Improved precision and accuracy for microarrays using updated probe set definitions
BMC Bioinformaticsvolume 8, Article number: 48 (2007)
Microarrays enable high throughput detection of transcript expression levels. Different investigators have recently introduced updated probe set definitions to more accurately map probes to our current knowledge of genes and transcripts.
We demonstrate that updated probe set definitions provide both better precision and accuracy in probe set estimates compared to the original Affymetrix definitions. We show that the improved precision mainly depends on the increased number of probes that are integrated into each probe set, but we also demonstrate an improvement when the same number of probes is used.
Updated probe set definitions does not only offer expression levels that are more accurately associated to genes and transcripts but also improvements in the estimated transcript expression levels. These results give support for the use of updated probe set definitions for analysis and meta-analysis of microarray data.
Microarrays have been used for the last decade to analyze the global gene expression programs of different biological processes and disease states. During that time, e.g. the methodologies for background adjustment , normalization  and probe set summaries  have been improved and it is likely that further efforts will enable better analysis of microarray data. The exponential use of microarrays in biology has resulted in large public gene expression repositories that include thousands of arrays for the most commonly used Affymetrix platforms. The integrated analysis of this wealth of gene expression data raises both new possibilities and challenges .
Most of the commonly used Affymetrix platforms were designed before the respective genomes were fully sequenced. Therefore, these platforms have many probes that were designed after consensus sequences of clusters of Expressed Sequence Tags. In the original Affymetrix probe set definitions many probe sets often map to the same gene (e.g. they may target different transcript isoforms) and some integrative microarray studies use ad-hoc heuristics such as the average or maximum to integrate these values into a single expression estimate [5, 6].
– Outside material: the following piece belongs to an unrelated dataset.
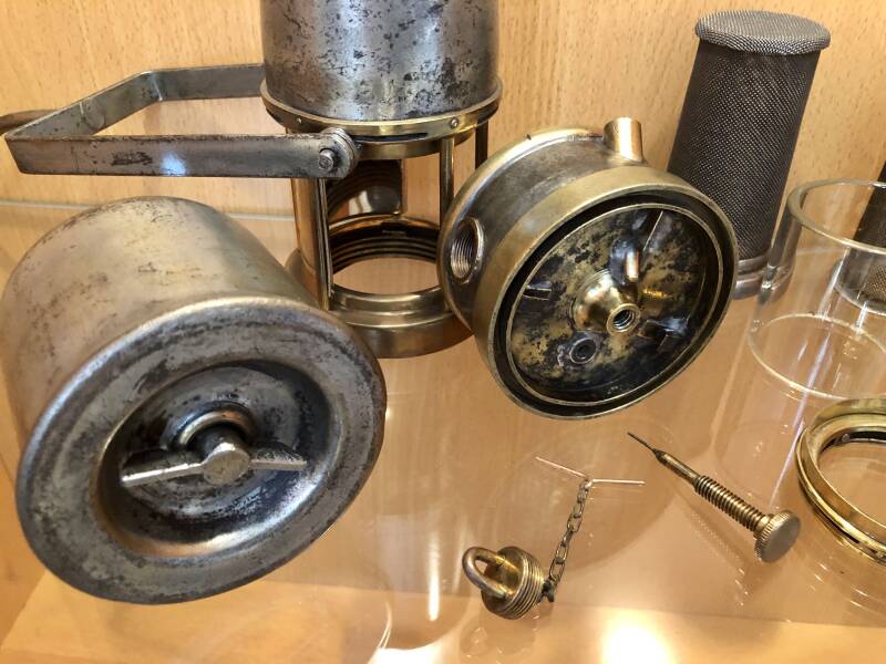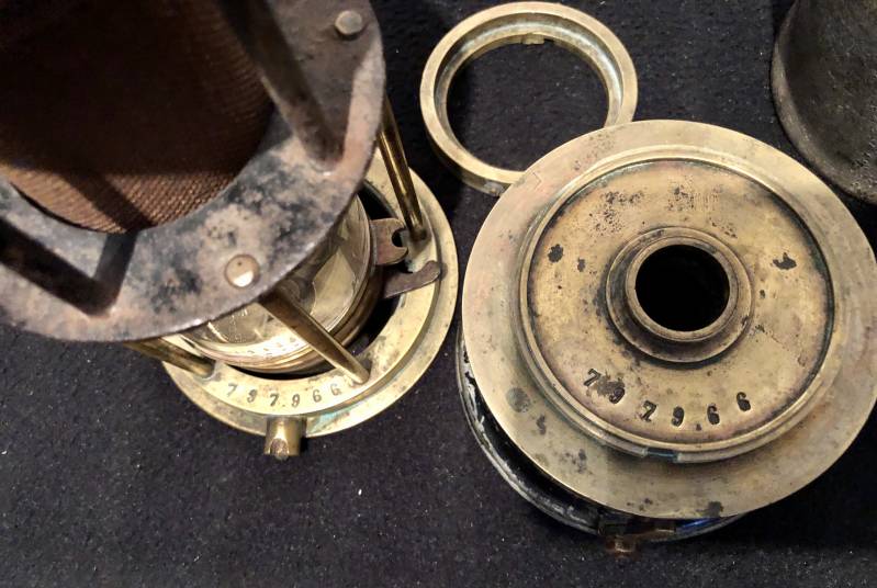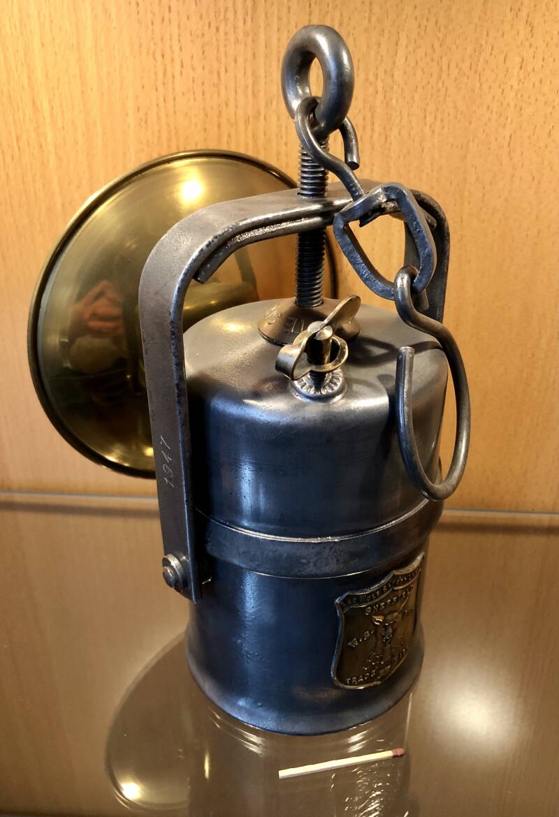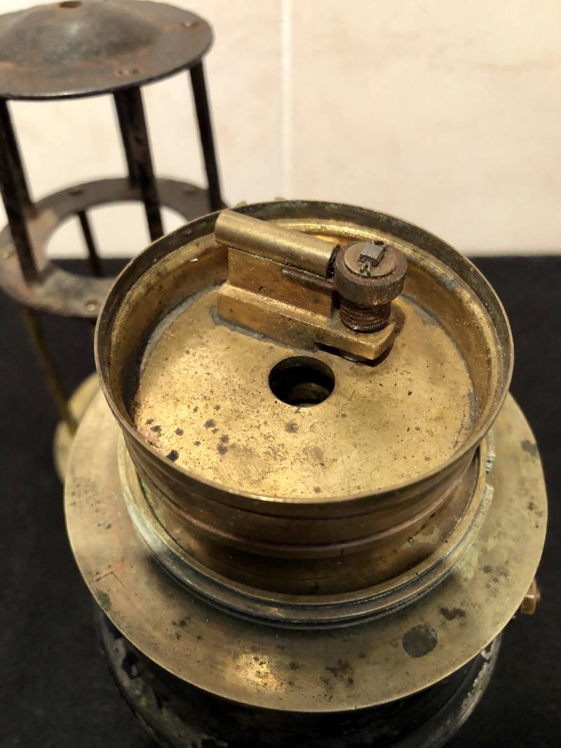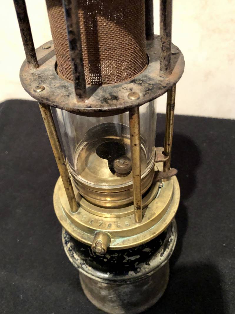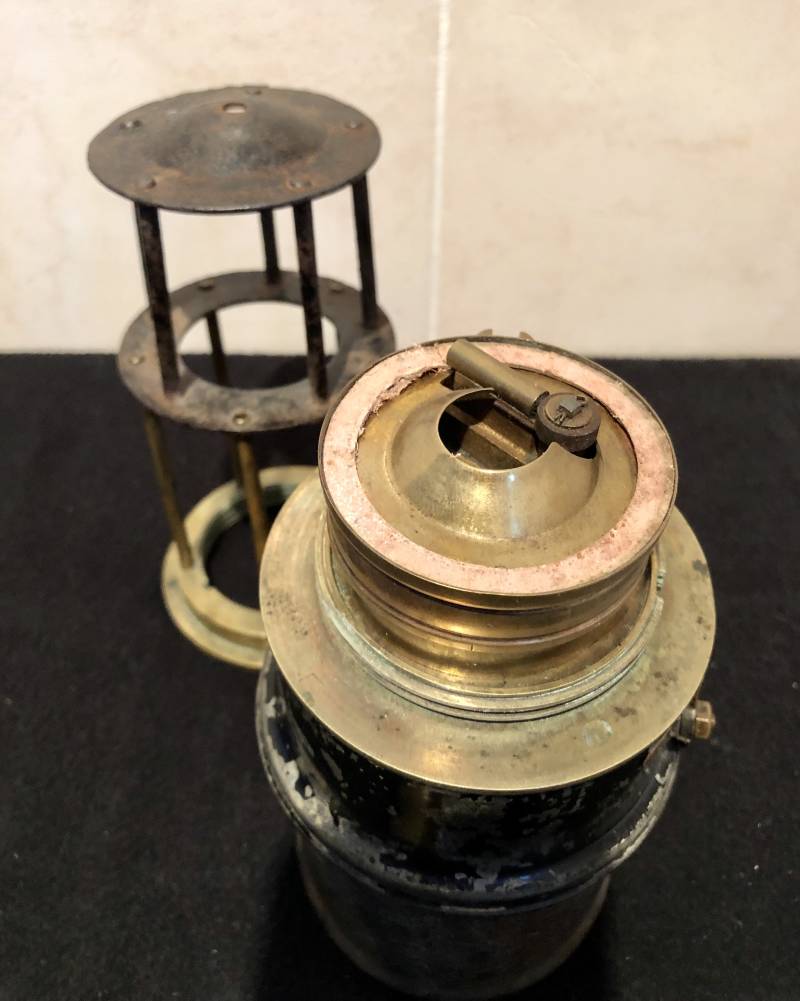 Rare Carbide Safety Lamp. Upper Part is all Original. The Numbers on the Water Tank and Upper Cage are Identical (see Pictures).

To curate and solve the above mentioned problems, updated probe set definitions have been generated by re-annotating the existing probes on Affymetrix platforms to better reflect the transcript information and gene annotations available today [7, 8]. These pioneering studies have shown that updated probe set definitions will affect approximately 20–30% of all probe sets, thus affecting a large portion of the gene estimates . As a consequence, the genes identified as differentially expressed using the original and updated probe set definition only show 50% overlap [7, 8]. Updated probe set definitions that map probes to transcript annotations, such as ensEMBL transcripts, Refseq and Entrez GeneID are now available and can easily be integrated into bioconductor packages such as affy and gcrma. Updated probe annotations have also been shown to improve the cross-platform reproducibility of microarray experiments [9, 10].
The use of updated probe set definitions represents a significant improvement in mapping the platform probe signals to genes, transcripts and even exon expression levels and will presumably become the standard procedure. There is however no study that has evaluated the impact of updated probe set definitions on precision and accuracy in the estimated expression levels. In this study we provide such a comparison and we show that updated probe set definitions have significantly better precision (reproducibility) and accuracy than the original probe set definitions. These results give support for a widespread use of updated probe set definition in analyzing and re-analyzing microarray data.
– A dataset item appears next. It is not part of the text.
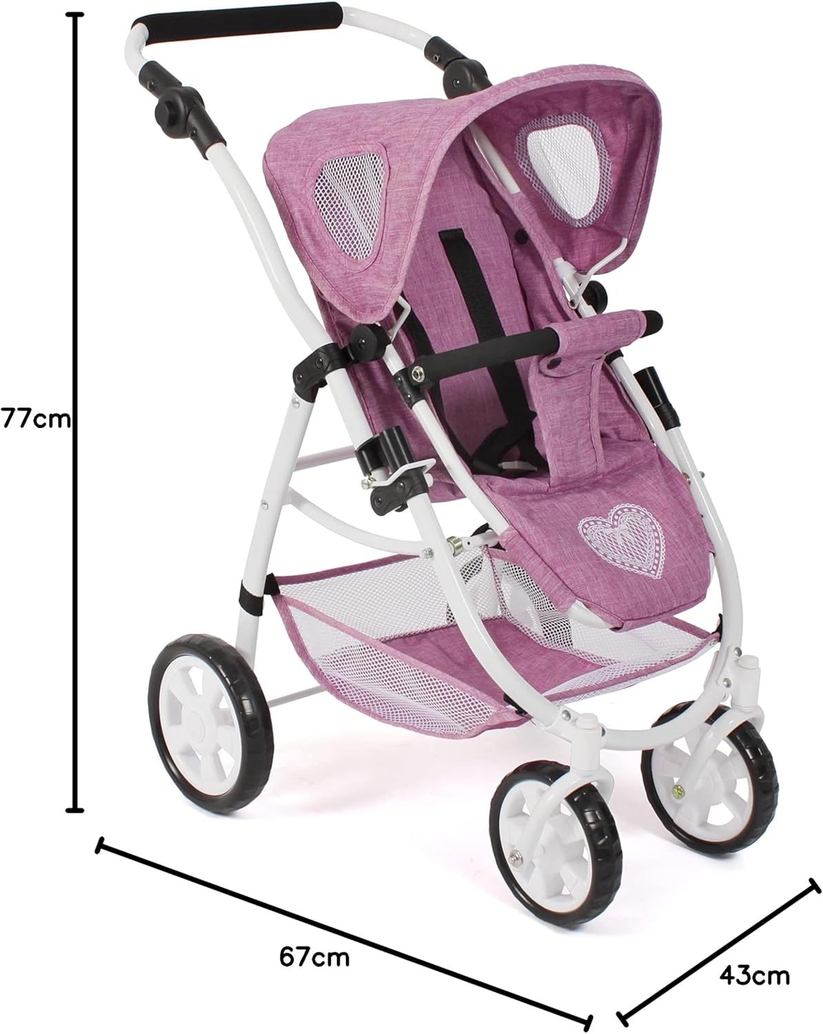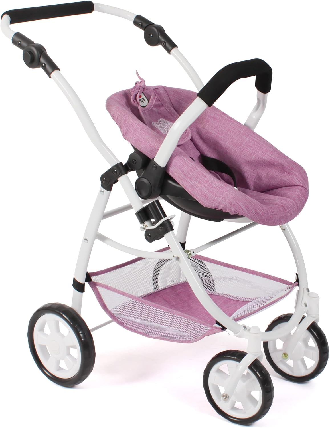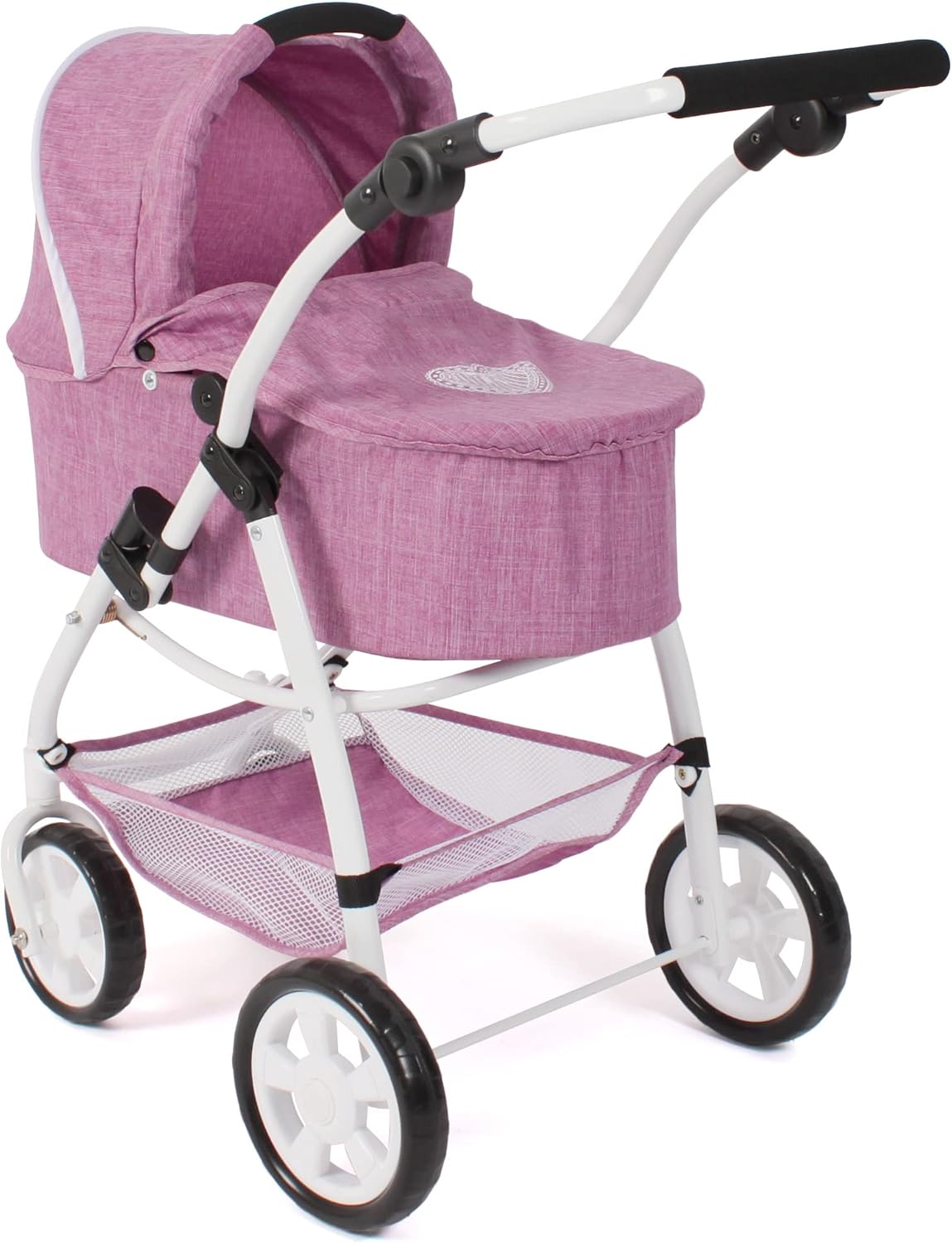 Fantastica carrozzina per bambole con navicella, carrozzina sportiva e seggiolino per auto Il passeggino sportivo è dotato di una cintura di sicurezza a 3 punti e può essere utilizzato sia in direzione di marcia che di fronte alla mamma delle bambole La coperta antivento della navicella funge anche da coprigambe per il seggiolino sportivo Maniglione regolabile in altezza da 55 a 82 cm Adatto per bambole fino a 52 cm; dimensioni dell'articolo: 67 x 43 x 77 cm; peso: 6,2 kg

Re-analyses of raw data using updated probe set definitions
We investigated how updated probe set definitions affect the estimated expression levels by re-analyzing a gene expression data set using both the original (NetAffx) and six updated probe set definitions (custom CDF's). Previously, this data set was used to estimate the precision and accuracy in microarray experiments across laboratories and platforms using the original probe set definitions . The data set was generated by creating two RNA samples, which differed in the expression of only a few genes. Both samples were hybridized to two arrays each by five different labs. Within each lab the two pairs of replicates was used to estimate the precision and accuracy (see below) by analyzing the log2 relative expression level measurements between the two samples. Because five labs performed the identical experiment, this data set provides a good opportunity to study effects of selected probe set definitions, since the estimated precision and accuracy obtained in each lab can be summarized to provide a robust assessment of the effects. We therefore used this data set to address the effects of using six different recently published updated probe set definitions in comparison with the default probe set definitions provided by Affymetrix (NetAffx). We re-analyzed the raw data for the Affymetrix HG-U133A arrays generated in the five different laboratories to estimate probe set expression levels using six different updated probe set definitions  and using the default probe set definitions. The six different updated probe set definitions (custom CDF's) re-mapped the probes on the array to i. ensEMBL exons, ii. ensEMBL genes, iii. ensEMBL transcripts, iv. Entrez GeneIDs, v. Refseq transcripts and vi. UniGene ids .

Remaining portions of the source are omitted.